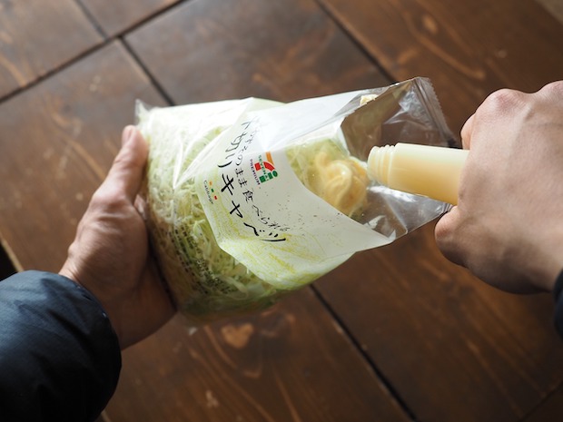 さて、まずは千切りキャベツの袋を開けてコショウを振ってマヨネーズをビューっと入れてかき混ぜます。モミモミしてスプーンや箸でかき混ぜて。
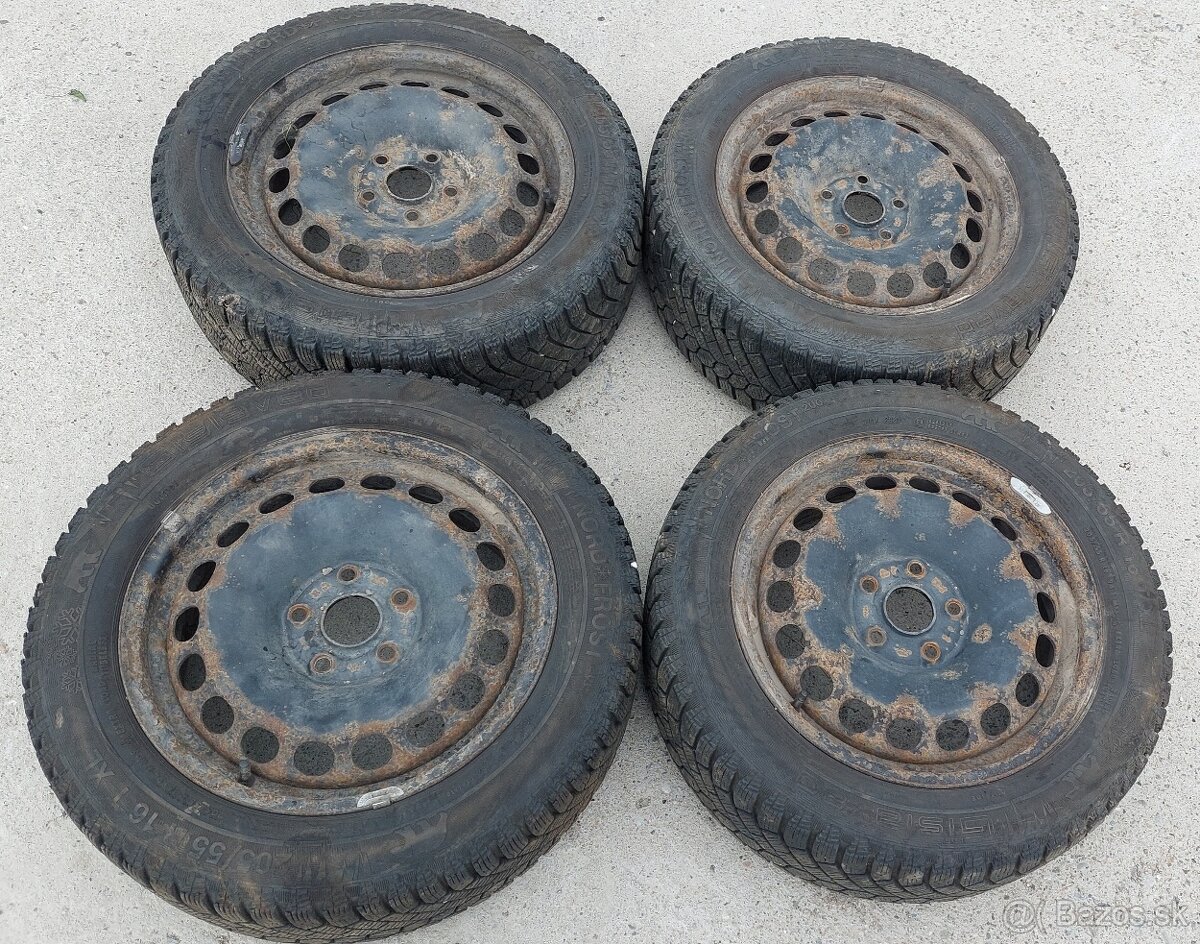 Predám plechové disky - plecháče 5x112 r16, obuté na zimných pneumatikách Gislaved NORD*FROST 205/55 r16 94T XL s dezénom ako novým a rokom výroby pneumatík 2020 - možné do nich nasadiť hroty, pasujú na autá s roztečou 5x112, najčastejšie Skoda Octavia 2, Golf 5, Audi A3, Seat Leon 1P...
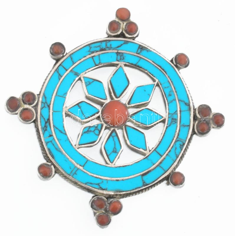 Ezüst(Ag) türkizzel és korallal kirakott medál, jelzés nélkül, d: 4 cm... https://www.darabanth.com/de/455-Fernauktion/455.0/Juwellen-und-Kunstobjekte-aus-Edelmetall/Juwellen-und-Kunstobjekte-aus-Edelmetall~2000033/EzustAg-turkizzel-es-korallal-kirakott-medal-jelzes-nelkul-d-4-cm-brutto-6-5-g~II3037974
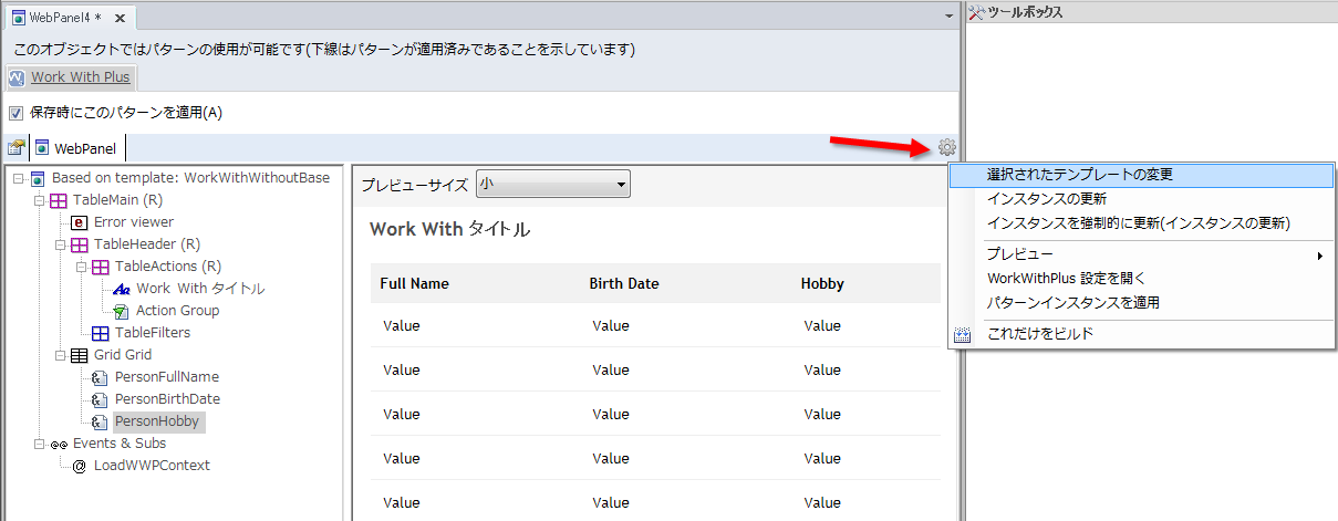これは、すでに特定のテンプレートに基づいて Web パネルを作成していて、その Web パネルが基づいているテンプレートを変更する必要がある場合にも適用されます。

* * *

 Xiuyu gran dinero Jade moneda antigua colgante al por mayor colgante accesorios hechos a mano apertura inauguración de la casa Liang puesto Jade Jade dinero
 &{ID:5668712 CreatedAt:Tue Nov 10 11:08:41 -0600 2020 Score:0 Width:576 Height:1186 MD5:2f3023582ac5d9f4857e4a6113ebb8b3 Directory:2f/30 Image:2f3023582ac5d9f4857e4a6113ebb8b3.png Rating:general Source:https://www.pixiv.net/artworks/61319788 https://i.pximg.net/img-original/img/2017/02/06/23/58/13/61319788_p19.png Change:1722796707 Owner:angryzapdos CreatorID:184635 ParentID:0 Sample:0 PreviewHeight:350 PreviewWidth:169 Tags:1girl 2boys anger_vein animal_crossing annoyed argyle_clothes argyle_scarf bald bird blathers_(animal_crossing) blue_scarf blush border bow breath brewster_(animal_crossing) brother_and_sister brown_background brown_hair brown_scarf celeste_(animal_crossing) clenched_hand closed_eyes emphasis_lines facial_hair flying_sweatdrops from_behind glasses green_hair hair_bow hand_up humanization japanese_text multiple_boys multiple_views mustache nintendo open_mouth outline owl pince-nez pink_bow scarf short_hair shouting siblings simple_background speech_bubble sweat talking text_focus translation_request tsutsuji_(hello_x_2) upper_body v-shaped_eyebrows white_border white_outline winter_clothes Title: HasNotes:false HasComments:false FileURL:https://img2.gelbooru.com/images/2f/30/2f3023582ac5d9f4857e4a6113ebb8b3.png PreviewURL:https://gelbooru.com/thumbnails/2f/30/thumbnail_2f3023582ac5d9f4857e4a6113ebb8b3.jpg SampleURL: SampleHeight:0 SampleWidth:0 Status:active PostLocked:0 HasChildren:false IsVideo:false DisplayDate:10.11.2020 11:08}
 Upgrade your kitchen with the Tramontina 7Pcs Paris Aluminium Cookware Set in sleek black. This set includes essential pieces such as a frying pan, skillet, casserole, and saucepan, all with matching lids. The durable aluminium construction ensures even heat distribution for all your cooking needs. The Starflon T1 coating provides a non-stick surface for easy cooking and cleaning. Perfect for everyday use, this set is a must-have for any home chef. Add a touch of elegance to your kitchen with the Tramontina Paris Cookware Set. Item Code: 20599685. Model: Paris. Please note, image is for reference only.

* * *

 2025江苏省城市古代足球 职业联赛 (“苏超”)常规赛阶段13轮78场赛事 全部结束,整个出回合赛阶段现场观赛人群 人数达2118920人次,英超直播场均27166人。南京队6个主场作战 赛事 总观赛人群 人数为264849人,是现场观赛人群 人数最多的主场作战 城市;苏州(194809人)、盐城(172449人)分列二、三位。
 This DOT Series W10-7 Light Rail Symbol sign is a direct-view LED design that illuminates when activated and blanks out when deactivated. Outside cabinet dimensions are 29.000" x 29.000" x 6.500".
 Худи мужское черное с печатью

_Work to complete_.
Across the material above, how many lines include the word "This"? Respond with nothing but the number.

_Result_.
2